= Artists for a New South Africa =

Charitable organization based in the US

Artists for a New South Africa (ANSA), founded as Artists for a Free South Africa (AFSA) in 1989, was a charitable organization based in Los Angeles, California. Founded by a group of Hollywood actors and other creatives, it started out as an awareness-raising and anti-apartheid advocacy organization, before changed its name and focus in 1994 when the first democratic elections were held in South Africa. It turned to fundraising and providing healthcare for children and others affected by the HIV/AIDS epidemic in South Africa. It wound up around the time of the death of Nelson Mandela at the end of 2013.

In 2003, the Amandla AIDS Fund (AAF) was established by ANSA, with a $2.5 million donation from Carlos and Deborah Santana.

==History==
Artists for a Free South Africa AFSA was founded in 1989 in Los Angeles by the American actors Alfre Woodard, Danny Glover, Blair Underwood, CCH Pounder, Mary Steenburgen, Robert and Donna Brown Guillaume, and writer Roderick Spencer (husband of Woodard), along with other creatives. AFSA was created in response to calls by South African anti-apartheid leaders for increased support from the international community, as well as American and South African grassroots supporters and organizers, realizing how public attention could be galvanized by artists and the arts. ANSA encouraged the entertainment industry to increase pressure on the apartheid government of South Africa by means of cultural boycotts, economic sanctions, and international campaigns.

AFSA put on events and programs to educate people about the apartheid regime and its effect on Black South Africans, and organized and supported national and international campaigns. AFSA members gave press conferences, wrote op-eds, lobbied, and joined protests to advocate for the release of political prisoners and the protection of human rights in South Africa, raising public awareness and support. In 1990, after Nelson Mandela was released from prison and went on his first U.S. tour, AFSA co-coordinated a Los Angeles fundraising dinner for the Nelson Mandela Freedom Fund.

In 1994, after South Africa's first democratic election, the organization was renamed Artists for a New South Africa (ANSA). Its focus changed to providing healthcare and support for HIV/AIDS orphans and other vulnerable children in South Africa.

In 2003, the Amandla AIDS Fund (AAF) was established by ANSA, with a $2.5 million donation from Carlos and Deborah Santana, which represented the entire net proceeds of the 2003 U.S. Summer Santana Shaman tour. Former anti-apartheid activist, and later politician in the new South Africa, Barbara Hogan, became a member of the advisory board of the AAF.
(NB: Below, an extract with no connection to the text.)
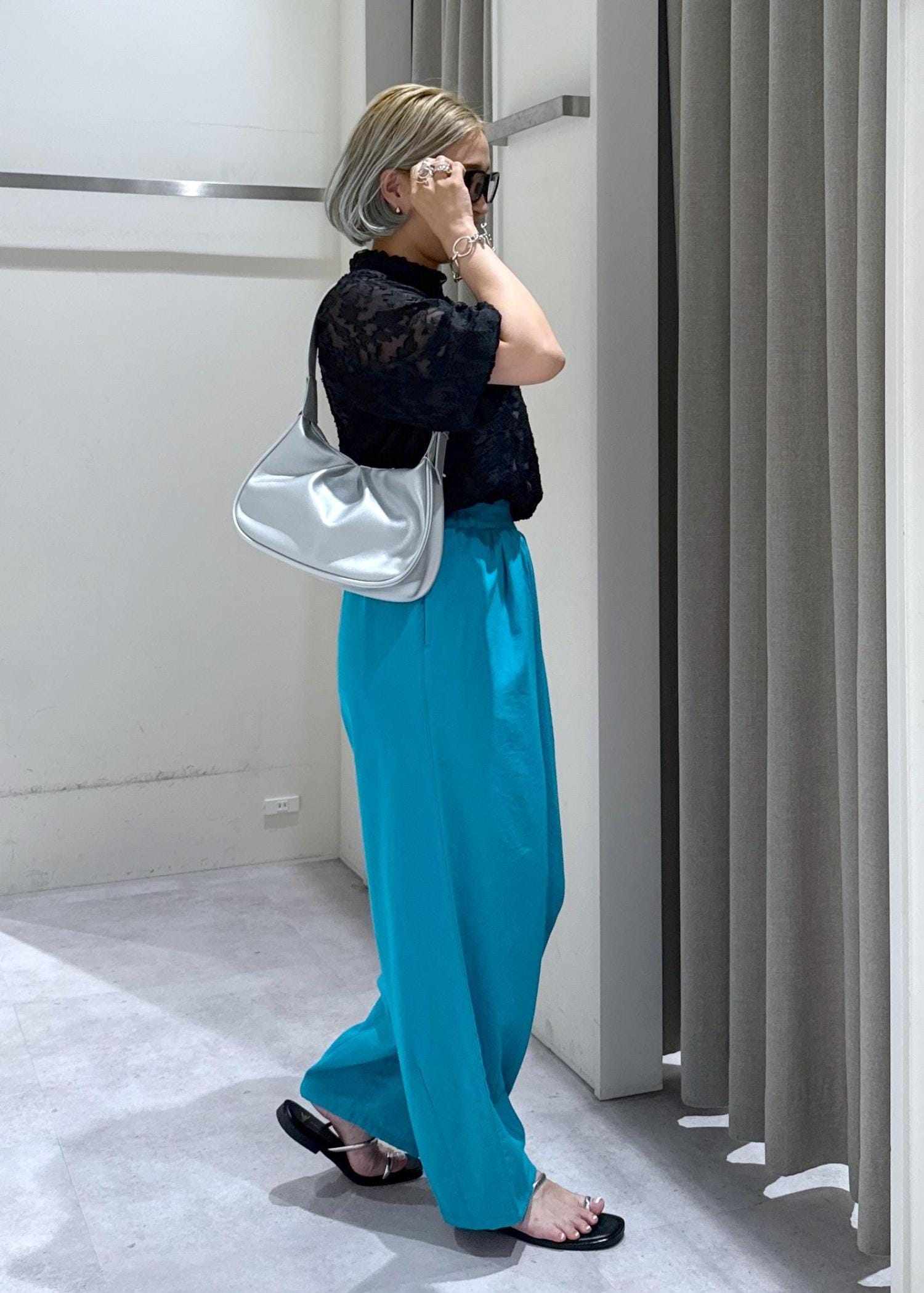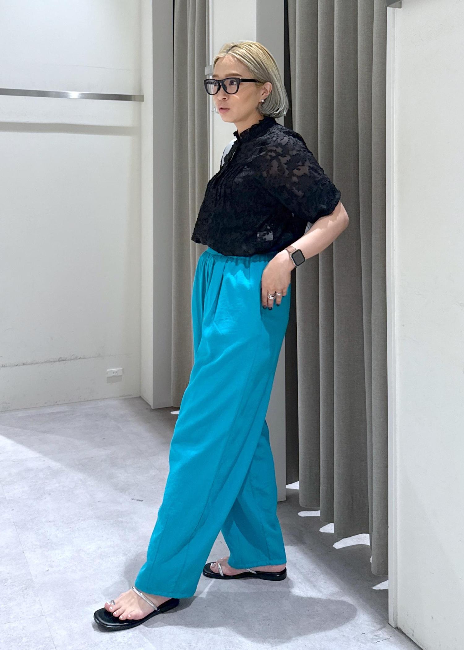 ウエストがゴムなので、着心地楽チンなハイウエストワイドイージーパンツ。

From 2005, ANSA provided ongoing comprehensive care and services to thousands of children in South Africa. The board decided in 2012 to start winding down operations, closing its external offices in July 2013. It worked on preserving records of the history of the anti-apartheid movement and its leaders, as well as maintaining an archive of ANSA's history.

For Nelson Mandela's 95th birthday (18 July 2013), the organization provided historic photos and footage, interviewed key representatives and supporters, including Jurnee Smollett and Harry Belafonte, to produce a documentary film Mandela: Freedom's Father, which aired on US cable network Black Entertainment Television (BET) on his birthday. As his death approached (December 2013), ANSA responded to media requests for information and interviews from many outlets, including CNN, NPR, BET, Al Jazeera America, the South African Broadcasting Corporation, and others.

ANSA arranged an interview with Bishop Desmond Tutu for, and narration by, Alfre Woodard (who also served as co-executive producer) for the Peabody Award-winning documentary Soft Vengeance: Albie Sachs and the New South Africa. The film, directed by Abby Ginzberg and released in 2014, was about anti-apartheid activist Albie Sachs, who lost an arm in an assassination attempt in 1988. ANSA continued to provide news and information about South Africa, HIV/AIDS, and various social justice issues.

ANSA worked with the Ahmed Kathrada Foundation to create a new work about Ahmed Kathrada and Robben Island. In 2009 it produced an audiobook titled Nelson Mandela's Favorite African Folktales, featuring the voices of Hugh Jackman, Helen Mirren, Desmond Tutu, Alan Rickman, Scarlett Johansson, Whoopi Goldberg, Charlize Theron, Matt Damon, and many others, to raise funds for AIDS orphans as well as educating listeners worldwide about African culture. All proceeds raised from the initial release of the audiobook were donated to the Nelson Mandela Children's Fund and the AIDS Foundation of South Africa.